Dr. Hibbert Will See You Now (Or How To Waste $15)

In my time in New York I've accumulated quite a cadre of doctors: internists, specialists, surgeons--you name it, I've seen someone for it. I probably find about 90% of these doctors pretty good at what they do, which is pretty good considering most were picked solely on the basis of their proximity to where I work. But there is one doctor I've never particularly liked, and oddly, he's the one I've had the longest: my general practititioner.

I suppose the reason I never bothered to change was because I never saw him that much. He'd give me my flu shot and I'd see him if I wanted to check my cholesterol or my allergies were bothering me, but over the course of eight years, this has only amounted to a handful of visits.

One time I had an allergic reaction to a medicine I was taking. I was covered in hives; I had a fever; I couldn't even bend my fingers they were so swollen. When I went to see him the first thing he said was "Wow, you might have some mysterious illness." Or hives.

The next time I had an allergic reaction to a different medicine, I went to my dermatologist. Who actually knew what it was.

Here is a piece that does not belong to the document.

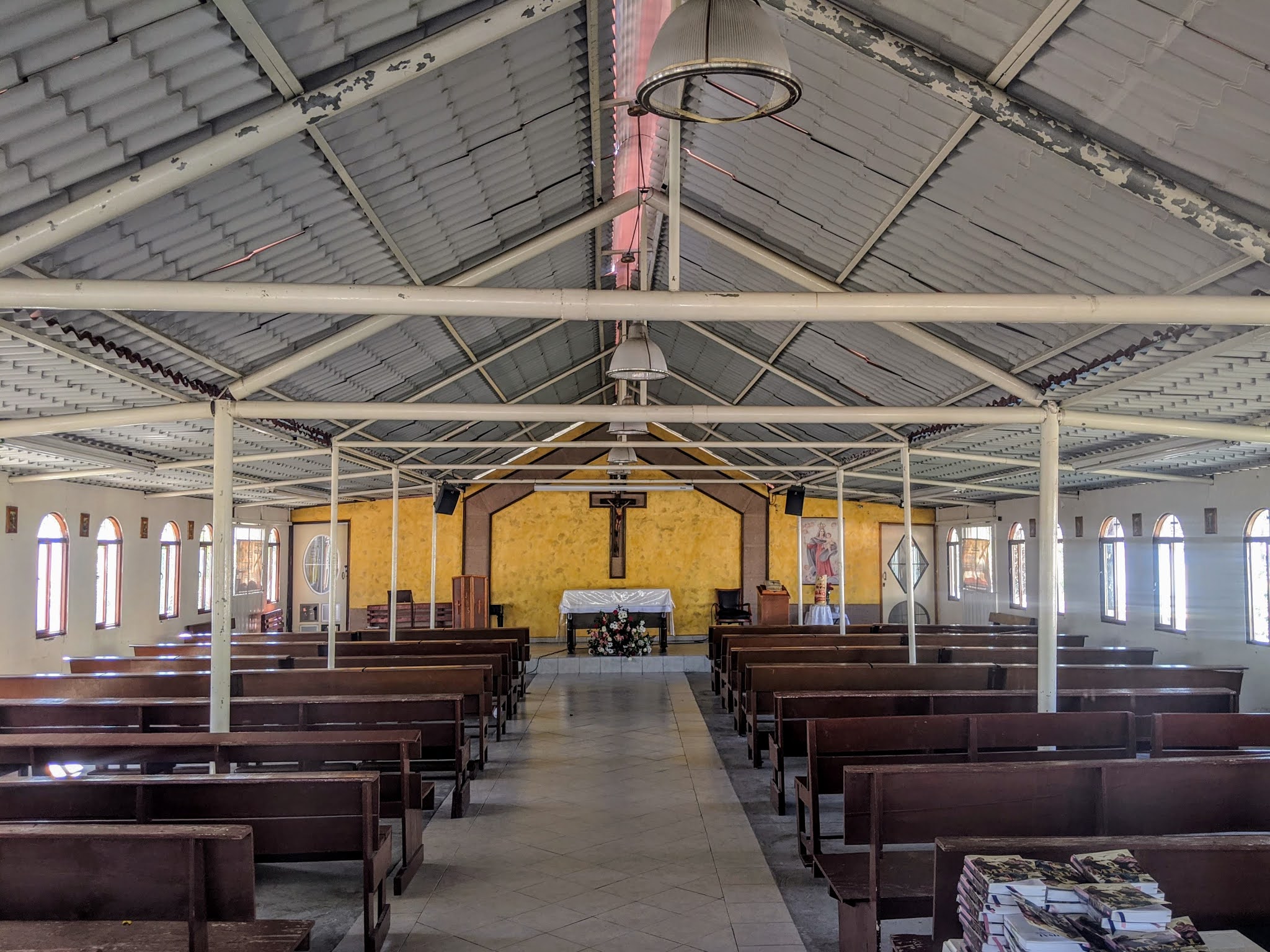 Es un templo pequeño de planta rectangular con techo de lámina a dos aguas. El ábside es muro liso color ocre, con algunos detalles en beige. Al centro hay un crucifijo.

For about five days I had had a sore throat which progressed into a racuous cough. Normally I won't go to the doctor for a cold unless it's gone on for a week, but I felt oddy pressured by my boss (I had left work early and felt somehow that was contingent upon my seeing the doctor).

As soon as I said "cough" he said "bronchitis." As soon as he said "bronchitis" little bells went off in my head. I mean, I'm no doctor myself, but I'm pretty sure a cough is a sign of many things, including the common cold. As I continued to describe my condition, he continued to repeat bronchitis.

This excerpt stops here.